Sobre o mercado da Avenida São Leopoldo, a BM responde este não é um alvo tão recorrente de denúncias. No entanto, sabem que lá funciona um ponto de venda de bebida alcoólica e que não existe estacionamento. O síndico do prédio relata que imprudências de trânsito são uma rotina perigosa.
— Eles estacionam de qualquer jeito, interrompem as garagens e fazem manobras perigosas. Em algum momento irá acontecer um atropelamento. E tudo acontece em função deste mercado que fica vendendo bebidas. Semana passada tinha mais de 50 pessoas aglomeradas nas ruas. Os moradores estão comendo o pão que o diabo amassou.
A reportagem não conseguiu contato com representantes do mercado apontado como foco das confusões.
Patrulha do Barulho atua em Farroupilha, Flores da Cunha e São Marcos
A sensação de que as pessoas cansaram da pandemia e estão "flexibilizando" as regras por conta própria também é visto em outros municípios da região. O 36º Batalhão de Polícia Militar (36º BPM) optou por criar a Patrulha do Barulho para fiscalizar locais recorrentes de aglomerações e perturbação do sossego.
— Em Caxias do Sul existe uma força-tarefa, mas nos municípios menores as prefeituras não têm guardas e fiscais disponíveis. Então, nós da BM, dentro das nossas limitações, fazemos o que podemos. O foco principal é o coronavírus e as aglomerações. Mas, em consequência, também acontecem autuações de trânsito, perturbação do sossego e registros de posse de maconha — afirma major Juliano Amaral.
A operação deste final de semana resultou em 605 pessoas abordadas, 96 estabelecimentos vistoriados, 75 veículos autuados e sete termos circunstanciados expedidos nos seis municípios da área do 36º BPM, que tem sede em Farroupilha.
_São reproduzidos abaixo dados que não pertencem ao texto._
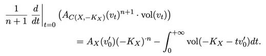 (李驰老师注:这是发表在Duke Mathematical Journal的一篇文章中得到的一个公式。该公式左边是仿射锥上normalized volume的导数,而右边量的非负条件则刻画了Fano流形X的K-semistability。)
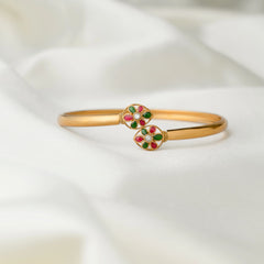 Designed with vibrant red and green enamel paired with a shimmering white stone, creating a graceful ethnic touch.

O major Amaral acredita que a aglomeração de jovens causa mais transtornos em municípios menos populosos.
— O problema é a restrição nas casas noturnas, que era onde estes grupos jovens frequentavam (nos finais de semana). Sem nada funcionando, eles escolhem algum local e marcam o encontro. São cinco carros e umas 30 pessoas, geralmente. Por vezes, eles até buscam locais mais isolados, só que o som ecoa. É a noite, estas cidades são pequenas e silenciosas, o som se dissipa e chegam as reclamações no 190 — afirma o comandante do 36º BPM.
Nestes locais, além da música, os jovens ficam fumando e bebendo. Ou seja, não são utilizadas as máscaras de prevenção nem respeitado o distanciamento. A BM costuma abordar dois carros, enquanto os demais acabam indo embora por conta própria.
— Nosso intuito é fiscalizar e orientar, para reduzir o problema. Por isso que informamos com antecedência que estas operações irão acontecer e estão acontecendo todos os finais de semana. Por mais que as pessoas tem flexibilizado por conta contra o coronavírus, os decretos ainda estão em vigor e as regras estão definidas. Estamos bem embasados para atuar — ressalta o major Amaral.
Além de Farroupilha, o 36º BPM é responsável por Flores da Cunha, São Marcos, Antônio Prado, Nova Pádua e Nova Roma do Sul. A atuação ainda conta com uma base móvel que é destinada para as proximidades do Santuário de Caravaggio, ponto recorrente de denúncias sobre badernas e perturbação do sossego.